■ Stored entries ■
'''

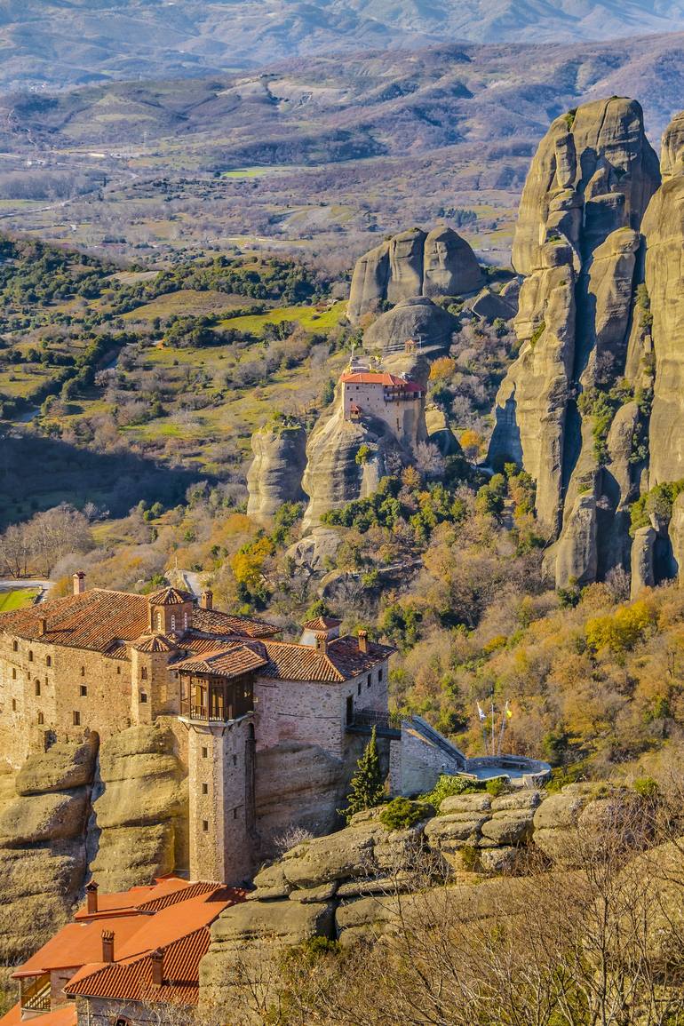 Aerial view of monasteries at top of rocky landscape, meteora site, tesalia, greece.
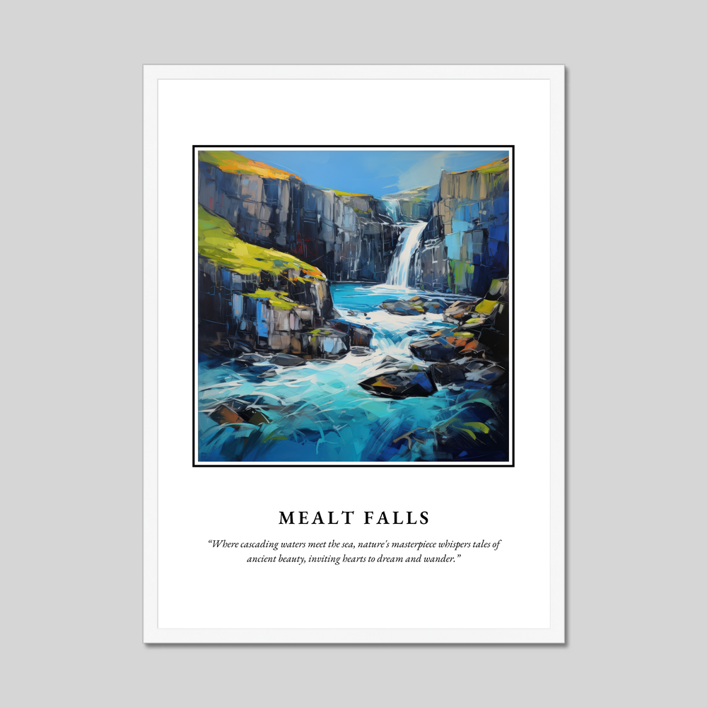 Immerse yourself in the enchanting beauty of Scotland with this captivating framed poster print of Mealt Falls, crafted in the charming Naive Art style. Measuring an impressive 50cm x 70cm, this striking piece captures the rugged majesty of one of Scotland's most iconic natural landmarks. The vibrant portrayal of Mealt Falls, with its cascading waters, exudes a sense of timeless wonder, inviting viewers to pause and dream.
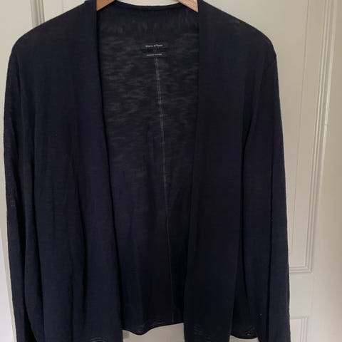 Marc O'Polon musta lyhyehkö neuletakki napituksella edessä. Neulos on ohutta, pesulappu on poistettu, mutta merkintä finest merino cotton, eli merinovilla ja puuvilla lienevät päämateriaalit. Kainalo-kainalo -mitta napit kiinni mitattuna 50 cm, joten istuva malli. Kunto on ahkerasta käytöstä huolimatta edelleen hyvä.
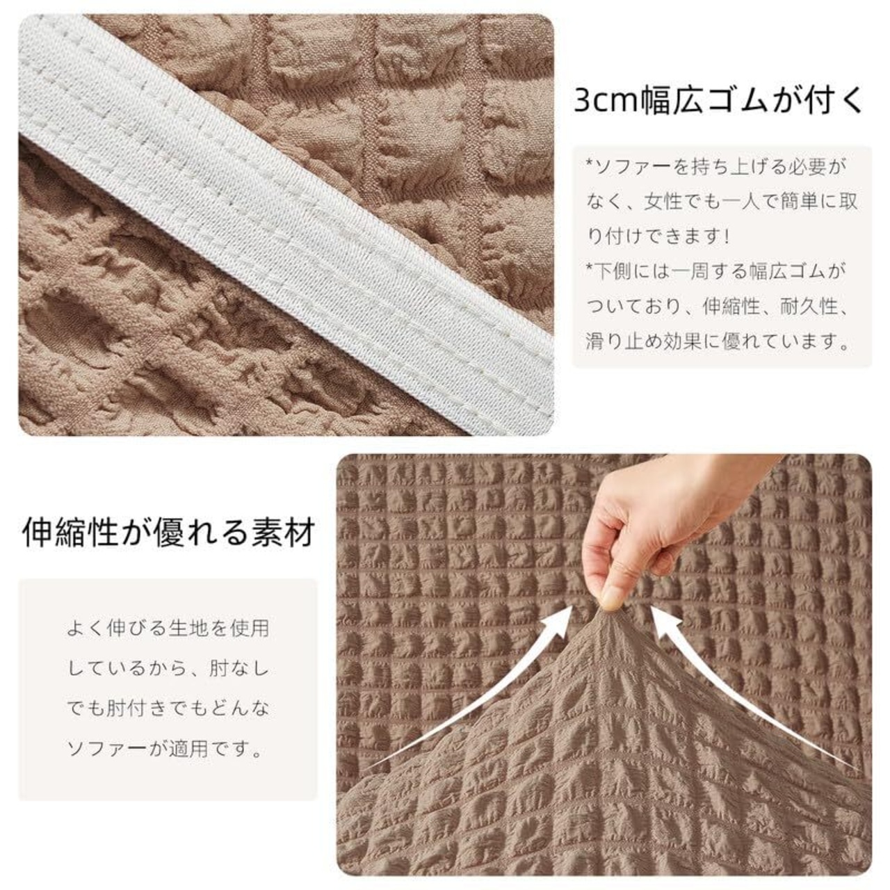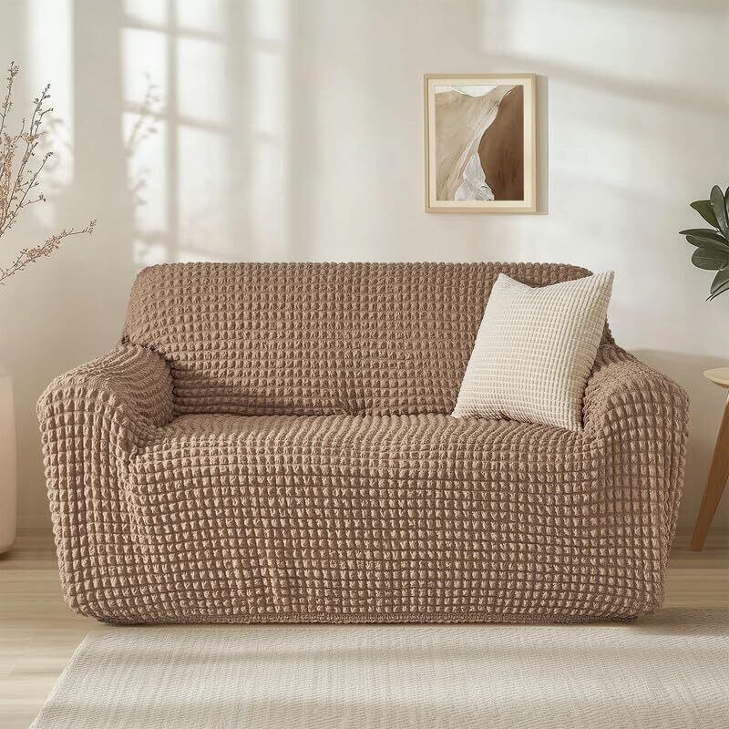 可愛くて高品質なポリエステル素材:ポコポコとした独特なテクスチャーが特徴で、丈夫でありながら柔らかく、肌触りも抜群です。キズや汚れを防ぎ、繰り返し洗っても縮まず、毛玉ができにくく、色あせも少なく、通気性にも優れています。弾力のある素材が様々な形やサイズのソファにしっかりフィットし、かけるだけソファカバー、ズレがない快適にお使いいただけます。長期間使用できる高品質な素材です。
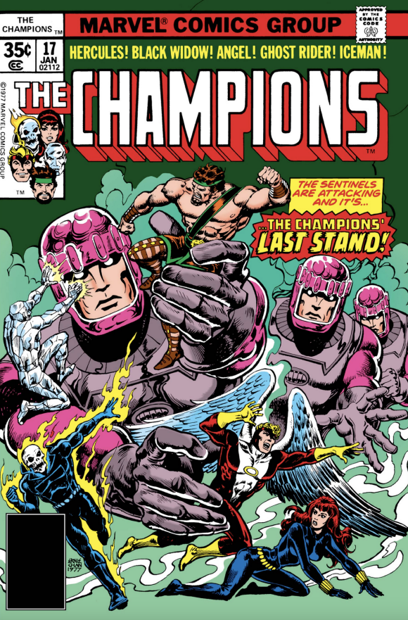 The Champions #17, Marvel. Is this the only time Hercules fought a Sentinel? I think so.
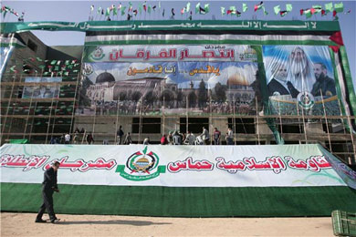 وتستخدم حماس هذا المناسبة لتوجيه رسائل سياسية للمجتمع الدولي الذي يرفض التعامل مع الحركة الإسلامية رغم صعودها إلى سد الحكم بعد فوزها في الانتخابات التشريعية في كانون الثاني يناير 2006.
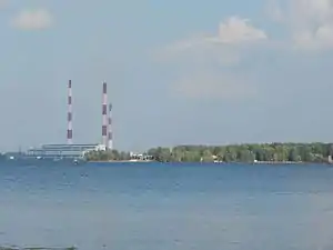 Три дымовые трубы электростанции достигают высоты 180, 250 и 270 метров, они были введены в строй в 1968, 1971 и 1973 годах, соответственно[4].

'''

■ WHAT YOU HAVE TO DO ■
Output the data above exactly, beginning at its first line and ending with the line that holds "Immerse yourself in". Leave out the pictures and add nothing.

■ ANSWER TO THIS TASK ■
 Aerial view of monasteries at top of rocky landscape, meteora site, tesalia, greece.
 Immerse yourself in the enchanting beauty of Scotland with this captivating framed poster print of Mealt Falls, crafted in the charming Naive Art style. Measuring an impressive 50cm x 70cm, this striking piece captures the rugged majesty of one of Scotland's most iconic natural landmarks. The vibrant portrayal of Mealt Falls, with its cascading waters, exudes a sense of timeless wonder, inviting viewers to pause and dream.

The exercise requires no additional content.